Bob MacDonald said...

Thank you Dr JKG - and congratulations. But I won't believe you any more now that you are a doctor! At least not any more than I already did before. I don't believe because of letters of authority. I believe you because your letters and words let me be creative in my understanding. That is a response to relationship.

I hope you can translate my English ambiguities.

J. K. Gayle said...

Dear Dr. MacDonald,
Thanks for your always kind, inspiring words! I love your translations, even the ones you leave for me to do.

Bob MacDonald said...

My initials are D. R. and they come before my name but they mean Donald Robert. I am not humble but I am also not a doctor. (I don't want to leave any impression that my translations - fun though they are for me - are 'authoritative' except as the gift of the anointed author lends them credence and power.)
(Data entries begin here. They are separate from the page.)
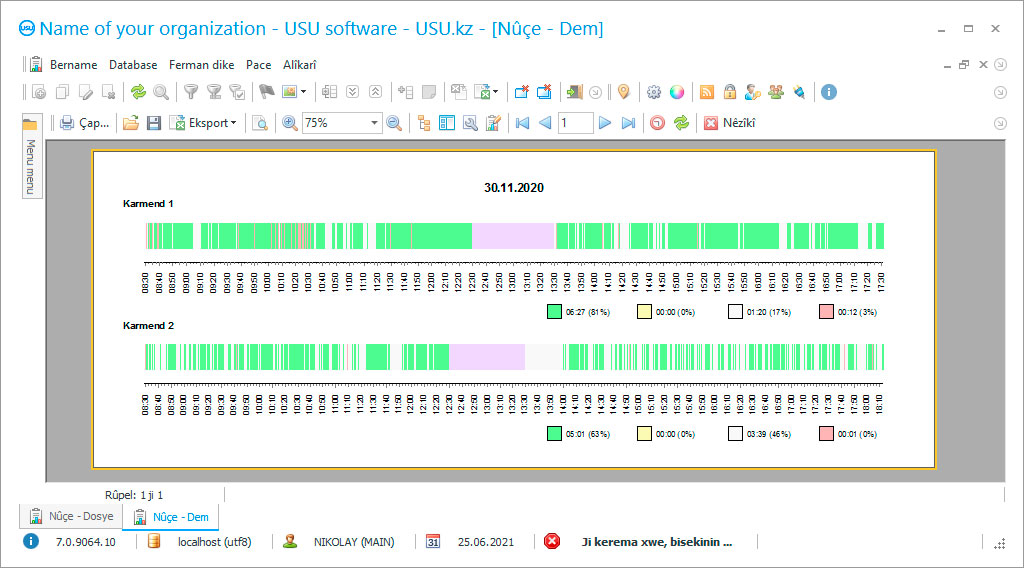 Qertek raporê ya ku bi hûrgulî demên ku karmend bi rastî dixebitî, dema ku ew derket, dema ku mişk neçû û klavye nehat bikar anîn, dema ku rûpelên qedexekirî hatin vekirin, û hwd. Rêbazek sererastkirinê ya mezin e. Pêvajoyên rêveberiyê di sala 2021 de dê bi pergala Nermalava USU re pir hêsan bibe. Hûn dikarin nirxandinên bikarhênerên me di tabek cuda de li ser malpera fermî bibînin.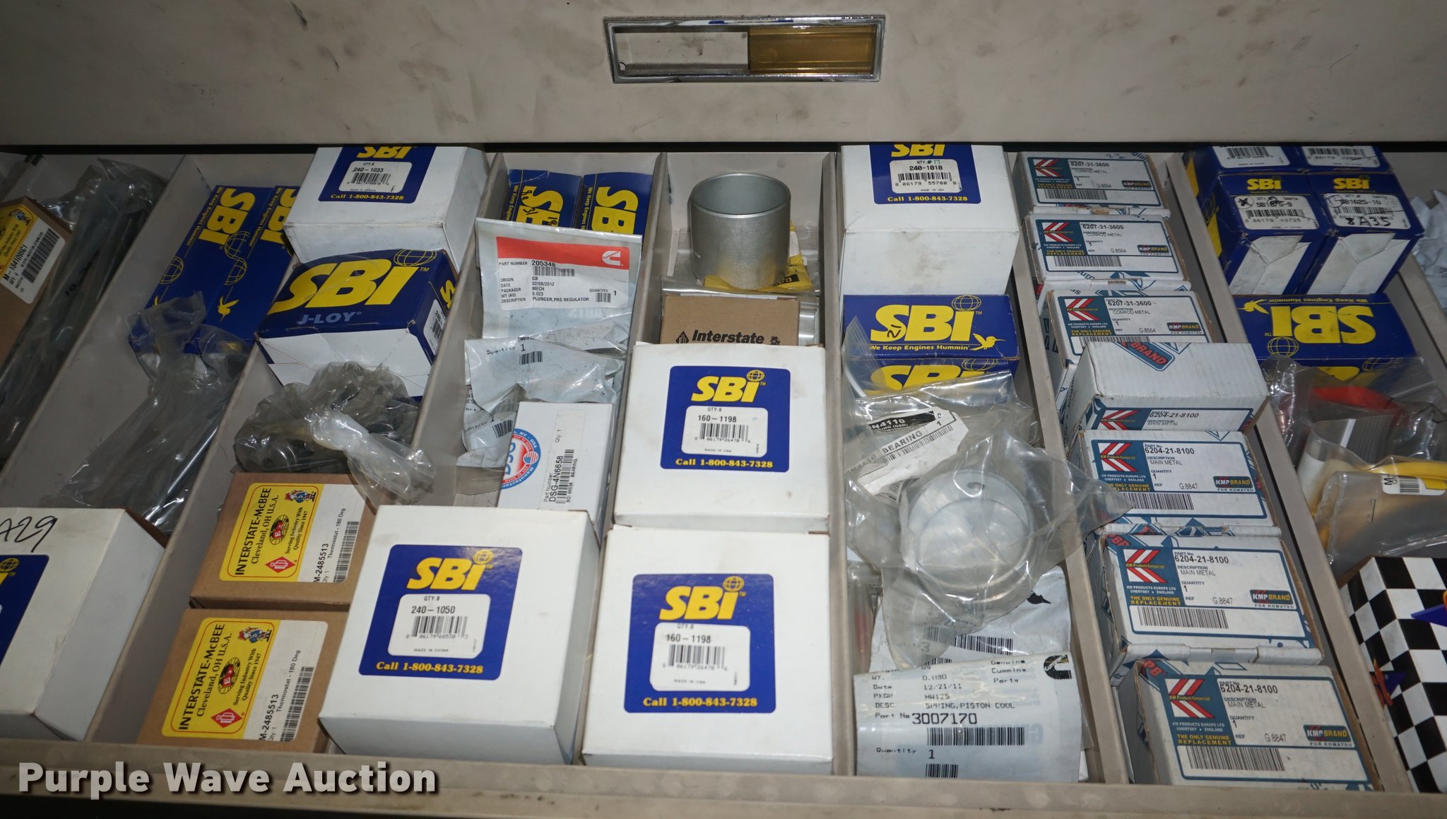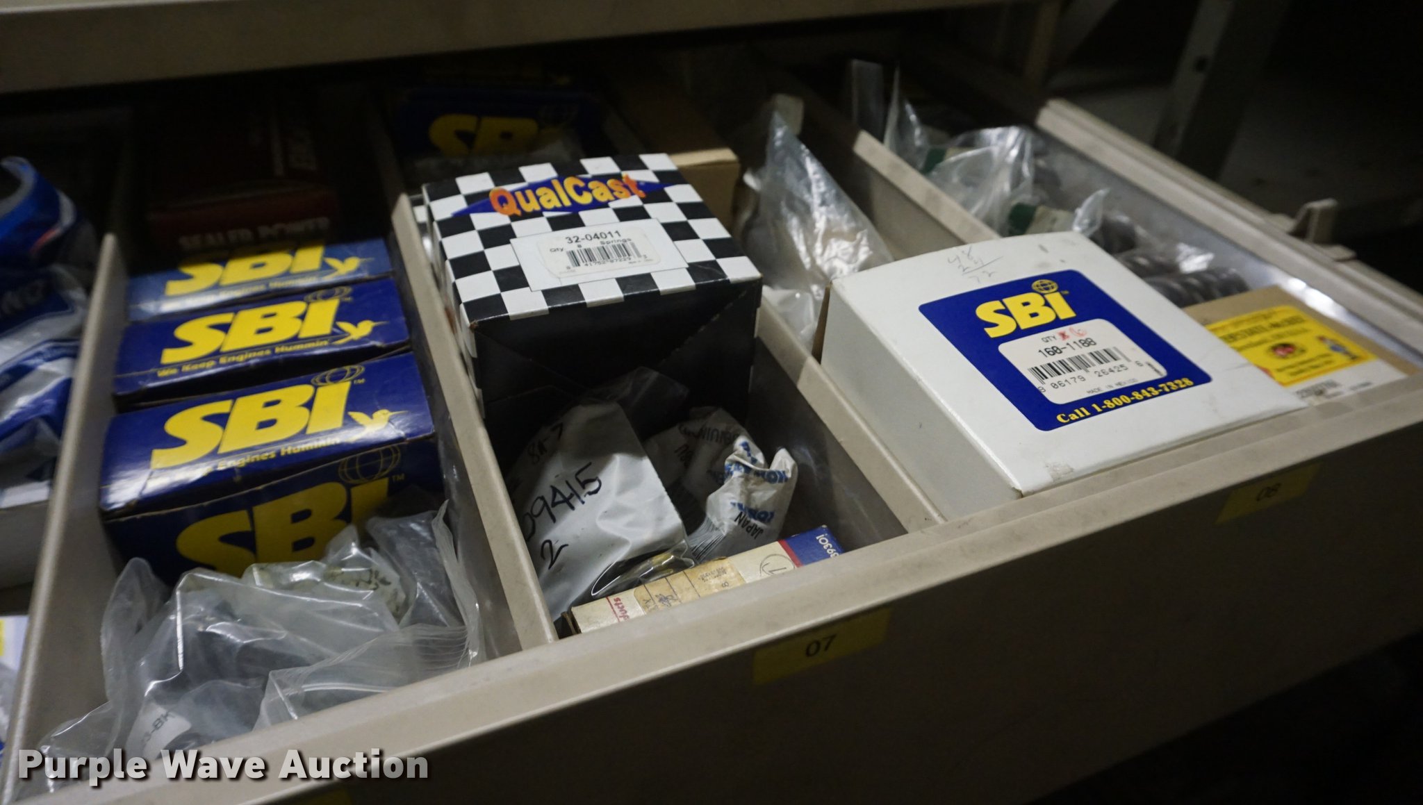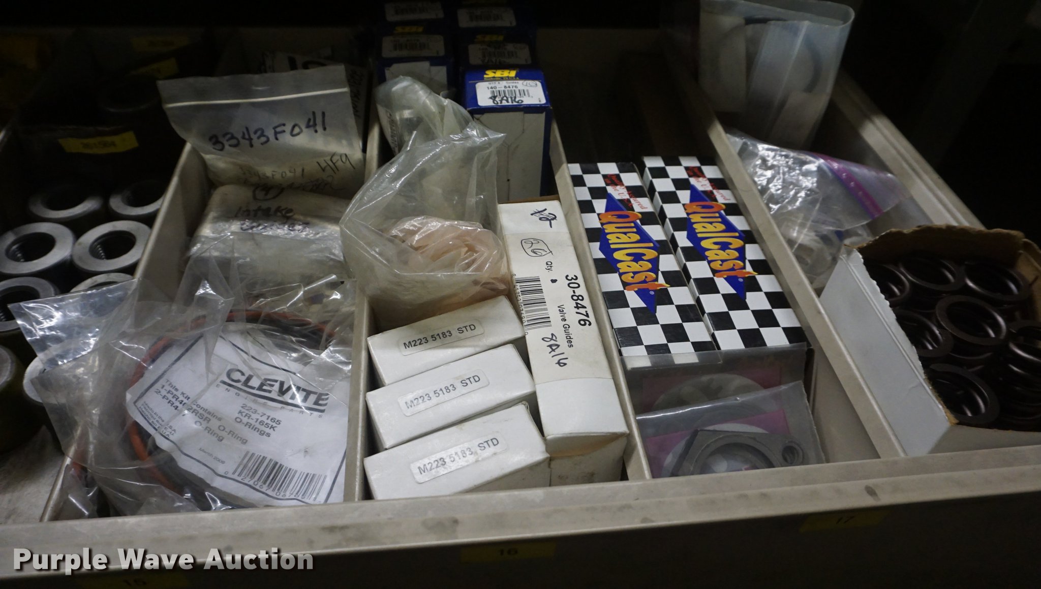 Purple Wave is selling a used Shelving and Storage in Kansas. This item is a (6) cabinets with the following: Valves, Valve guides, Valve keepers, Shims, Valve seats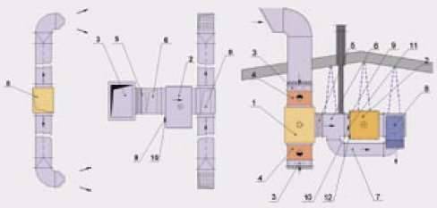 Оборудование включает кроме газового обогревателя, вентилятор с двигателем, фильтр EU3, регулировочные клапаны байпасы и байпас. Тепловоздушный агрегат – это газовое оборудование с электронно-управляемым розжигом и принудительным отводом продуктов сгорания.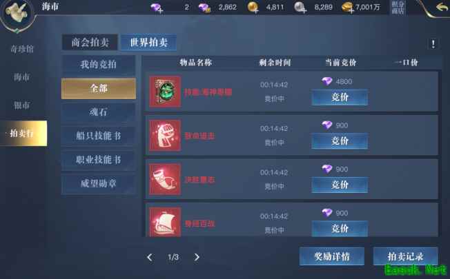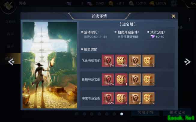 7.运宝船 活动时间:每日20:50-21:15 拍卖开启条件:商会击杀任意运宝船 拍卖奖励:传说职业技能、传奇船只技能、史诗职业技能、史诗船只技能 预计分红:10~50绑钻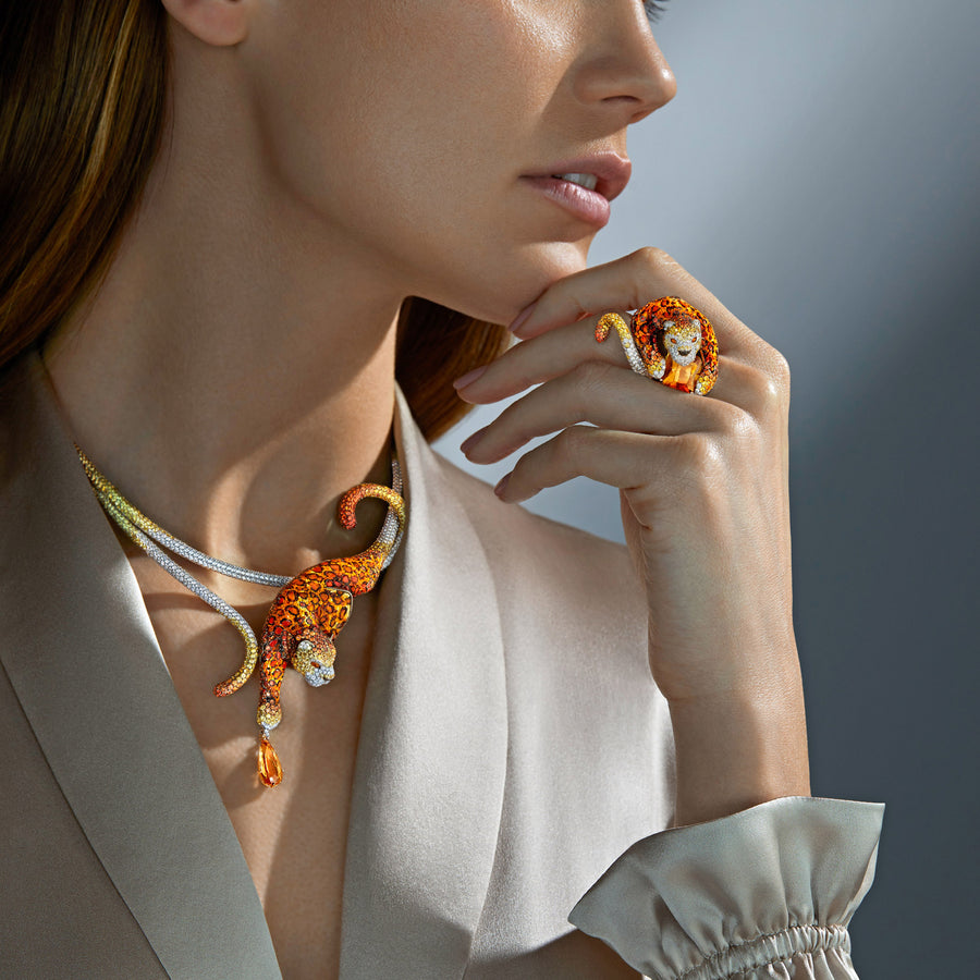 White gold, Diamonds, Black diamonds, Quartz, Orange sapphires, Yellow sapphires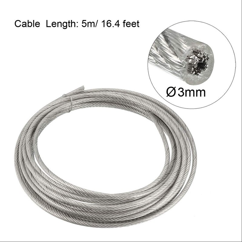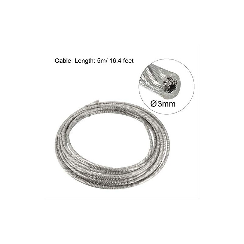 - Size - Cable Diameter: 3mm / 1/8", Type: 7x7 Strand, Total Length: 5m / 16.4ft. This stainless steel wire rope has a flexible structure and can be easily cut into many different sizes to meet your needs.

BTW - I am glad you see Rachel's work - occasionally she knocks my socks off!

Anonymous said...

Dear Bob,

My google alert picked up your blog post and I was a bit puzzled by your analysis of my work--since I am saying almost the opposite of what you suggest. I am specifically not saying that pistis has an "idealized or precise meaning," but that it has a large semantic range that must be considered in each individual context. The ESV translation errs in defaulting to "faith," when the term can mean many different things.

Blessings,

Mark (Strauss)

P.S. And you are right, I am not mean spirited, but hopefully also not a translation snob!

Bob MacDonald said...

Hi Mark - Bob here - I think you want to address your question to the blog owner - Kurk - not to me.

I have not commented on your long series of posts because I have found it too sparse to know exactly what concern you have with so many verses so I have personally tended not to read the posts. I don't do much Greek but my own translations of the psalms are frequently slightly archaic and awkward - much like English poetry! I design the translation for its ability to raise questions against a commonplace reading.

J. K. Gayle said...

Oh dear, I'm afraid I've confused us all with a few things. Bob, thanks for straightening us out on your name, and that you are not me. Mark, thank you for taking time to read and comment. Bob would have said things so much more nicely than I did. I certainly did not mean to say that you are a "translation snob" if you are saying it's the ESV translators who so narrowly define the Greek words. I do appreciate your paper, which Wayne Leman has posted at BBB. I do wish Bible translators and linguists and theologians and classics scholars and philosophers and literary scholars and rhetoricians would talk more, together, about their (our) translating!

J. K. Gayle said...

Ruth (Tessa),
Thank you for your kind remark and for reading. I'd love to hear from you anytime you want to comment!